The researchers studied the question using deuterium, or heavy hydrogen, which is an isotope of hydrogen with a proton and a neutron in the nucleus (ordinary hydrogen has no neutron in the nucleus). On the Earth, deuterium’s abundance is one atom for every 6,420 of hydrogen. This ratio, found not only on Earth but also in comets, is higher than the ratio in the Sun. In fact, deuterium-enriched water should form at temperatures only 10 degrees above absolute zero. Ted Bergin, a University of Michigan astronomer, explains the implication:
“Chemistry tells us that Earth received a contribution of water from some source that was very cold — only tens of degrees above absolute zero, while the Sun being substantially hotter has erased this deuterium, or heavy water, fingerprint.”
Simulating chemical evolution in a planetary disk over a million year period, Cleeves found that the processes at work in the disk were insufficient to make the heavy water that exists throughout the Solar System. Thus the first scenario above is likely — the planetary disk didn’t make all the system’s water but acquired much of it from elsewhere. Deuterium enrichment happens not only under cold temperatures but in the presence of oxygen and ionizing radiation.

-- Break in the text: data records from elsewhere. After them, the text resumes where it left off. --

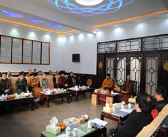 最后曾建华部长通过大岳法师及与会的各位法师,向南岳佛教界广大信众送上新年祝福。大岳会长代表四众弟子对领导的关心与支持深表感谢,并表示会牢记领导嘱托,不负使命,力争佛教工作在新的年度里,继续围绕南岳区工作整体部署,积极发挥作用,引导信众遵纪守法,严持戒律、精进不息,以更加优异的工作作风和新的成绩回报社会。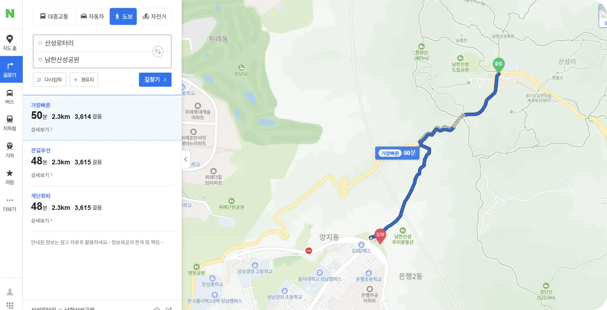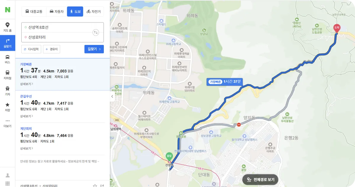 2. 산성역 ➙ 로터리 도보 경로 상세 후기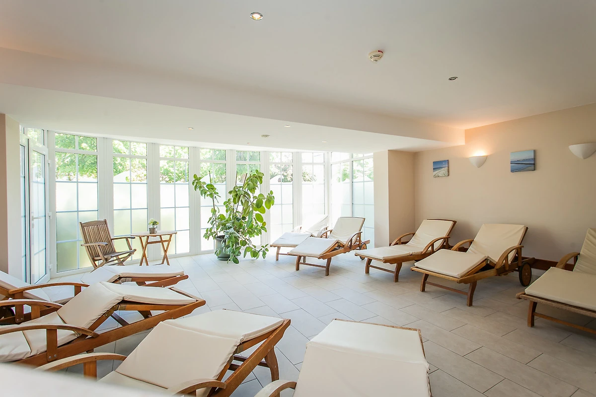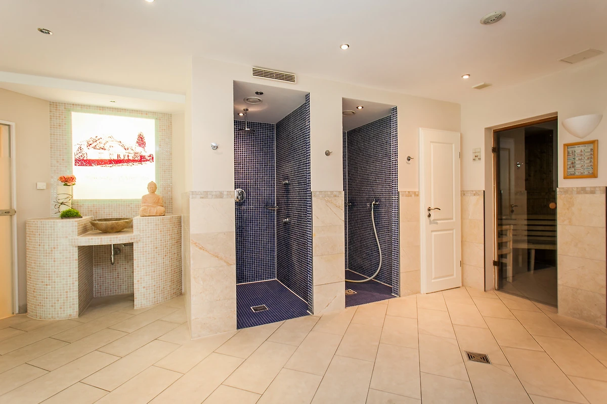 Wellnesslandschaft: Ruhe und Entspannung in stilvollem Ambiente. Finnische Sauna, Infrarot-Kabine, Dampfbad, Ruheraum, Erlebnisduschen, Trinkbrunnen und grossem Ruheraum.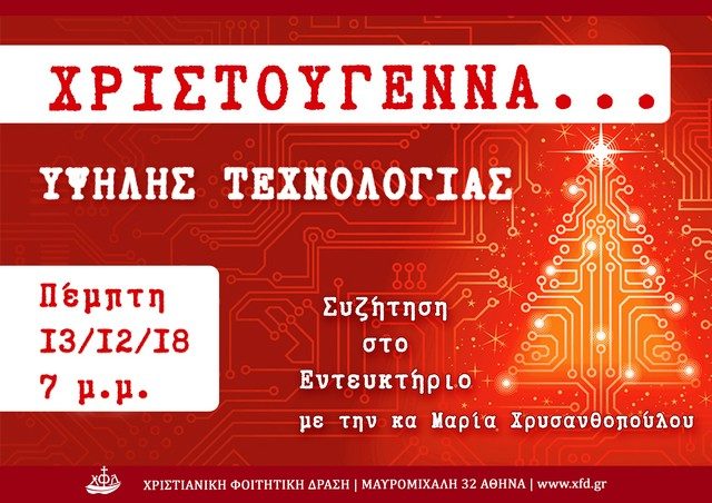ΑνακοινώσειςΑθήνα Χριστούγεννα… υψηλής τεχνολογίας Από φοιτήτριες - Αθήνα - 12 Δεκεμβρίου 2018 0 917 Εκτύπωση (καμία αξιολόγηση προς το παρόν) Loading... Εσύ είσαι έτοιμη για τα φετινά Χριστούγεννα; Είσαι έτοιμη για Χριστούγεννα υψηλής τεχνολογίας; Πέμπτη 13/12/18 7 μ.μ. στο Εντεκτήριό μας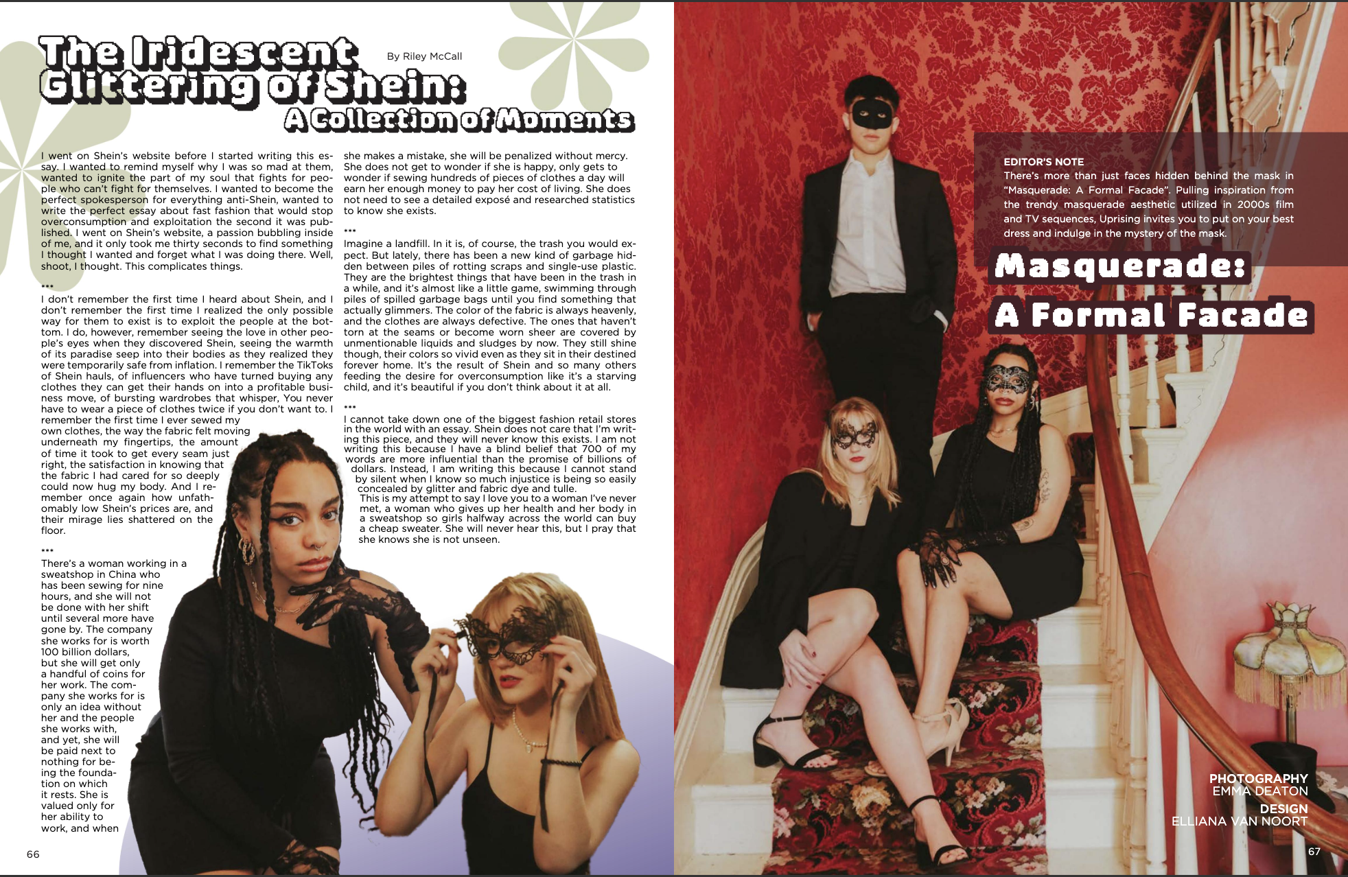 These works are from my Spring semester in 2024. It was my second semester working with Uprising magazine, the on campus fashion and social justice magazine club.

All of these are found in the interstellar medium, where the radiation is provided by cosmic rays, and deuterium-enriched water has indeed been observed in the ISM.

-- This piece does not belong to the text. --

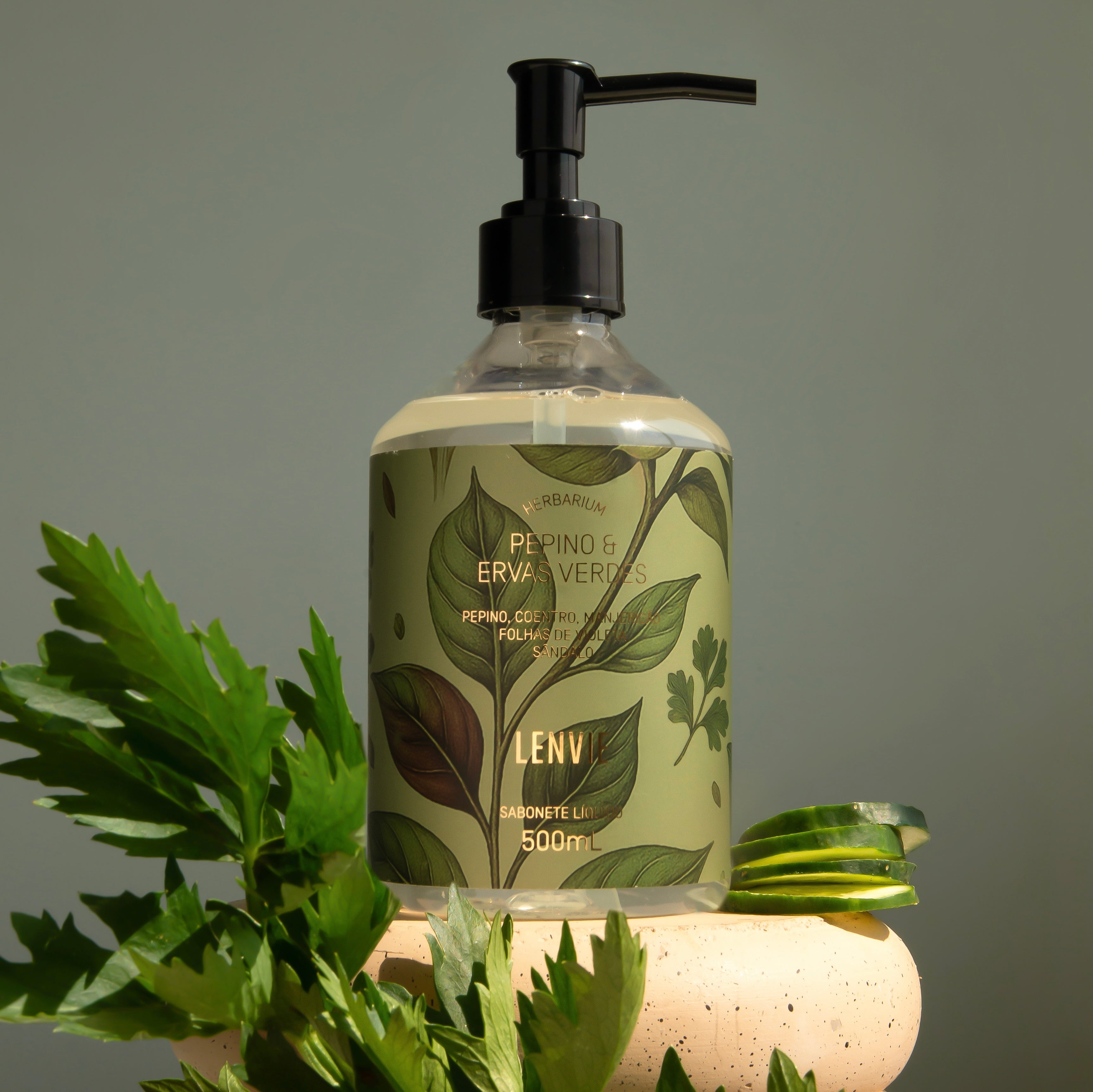 Apresentamos a Herbarium, a nova linha de cozinha da *LENVIE*, com fragrância exclusiva de Pepino & Ervas Verdes.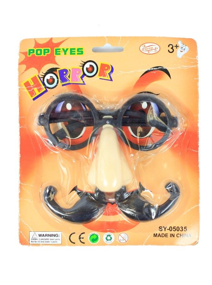 Комплект: очки, нос, усы - прекрасный аксессуар для веселых мероприятий. Комплект включает в себя круглые очки, бежевый нос и пластиковые усы.

Like the interstellar medium, the young planetary disk would also offer up radiation, even if the cosmic ray count would drop because of the growing star’s magnetic field and stellar wind. But the process cannot yield heavy water in the amounts needed. From the paper:
With our updated disk ionization model, we can now exclude chemical processes within the disk as an enrichment source term and conclude that the solar nebula accreted and retained some amount of pristine interstellar ices. One potential explanation is that during the formation of the disk, there was an early high temperature episode followed by continued infall from deuterium-enriched interstellar ices.
The numbers that flow out of this work show that 30 to 50% of the water in Earth’s oceans and between 60 to 100% of the water in comets comes from water predating the Sun, arriving as interstellar ices that survived the Solar System’s formation and were incorporated into the various planets and other bodies. The implication is that a fundamental prerequisite for life as we know it is available to all planetary systems in formation. Water is ‘inherited’ from the immediate environment of an emerging planetary system and is therefore widespread elsewhere in the universe, locked up in the ices, gas and dust circling the infant star.

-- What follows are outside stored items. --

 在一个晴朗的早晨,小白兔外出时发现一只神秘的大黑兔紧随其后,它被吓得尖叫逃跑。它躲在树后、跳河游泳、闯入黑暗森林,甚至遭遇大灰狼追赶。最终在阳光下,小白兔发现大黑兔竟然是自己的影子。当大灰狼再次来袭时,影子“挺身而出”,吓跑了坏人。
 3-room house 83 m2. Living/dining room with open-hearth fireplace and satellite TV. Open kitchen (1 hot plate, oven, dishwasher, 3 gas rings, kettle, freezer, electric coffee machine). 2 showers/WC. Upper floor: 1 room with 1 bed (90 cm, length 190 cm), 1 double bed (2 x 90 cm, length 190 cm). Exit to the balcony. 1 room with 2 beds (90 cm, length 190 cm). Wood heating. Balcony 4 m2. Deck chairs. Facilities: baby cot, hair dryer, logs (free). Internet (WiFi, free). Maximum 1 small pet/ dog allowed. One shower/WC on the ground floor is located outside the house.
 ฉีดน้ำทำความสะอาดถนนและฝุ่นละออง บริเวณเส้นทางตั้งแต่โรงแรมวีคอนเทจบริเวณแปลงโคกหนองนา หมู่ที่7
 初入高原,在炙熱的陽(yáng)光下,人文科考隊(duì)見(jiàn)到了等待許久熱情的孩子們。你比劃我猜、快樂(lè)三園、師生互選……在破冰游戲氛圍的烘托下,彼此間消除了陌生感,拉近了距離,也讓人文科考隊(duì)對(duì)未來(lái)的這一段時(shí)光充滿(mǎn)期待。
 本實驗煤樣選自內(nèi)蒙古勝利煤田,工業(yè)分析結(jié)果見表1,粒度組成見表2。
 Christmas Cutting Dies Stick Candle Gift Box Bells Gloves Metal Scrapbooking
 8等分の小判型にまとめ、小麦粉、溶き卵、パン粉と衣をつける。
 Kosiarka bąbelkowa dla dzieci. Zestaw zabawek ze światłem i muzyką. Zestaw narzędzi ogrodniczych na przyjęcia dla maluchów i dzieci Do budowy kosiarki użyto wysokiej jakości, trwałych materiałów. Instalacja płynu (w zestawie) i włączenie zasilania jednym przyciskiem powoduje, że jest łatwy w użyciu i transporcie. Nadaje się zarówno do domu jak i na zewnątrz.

The paper is Cleeves et al., “The ancient heritage of water ice in the solar system,” Science Vol. 345, No. 6204 (26 September 2014), 1590-1593 (abstract / preprint). See also Daniel Clery’s summation in the same issue of Science. Clery quotes Karen Willacy (JPL), who places the new study in context:
“This is a very interesting result. We’ve been debating this for years, whether or not the ices have an interstellar heritage”… She says that other groups have tried to model the collapse of clouds in the ISM into planetary systems to see if ice would survive, but “with various results, that don’t always agree,” Willacy says. “This is much more simple approach, just using the chemistry which is well understood.”
This news release from the University of Exeter is also helpful.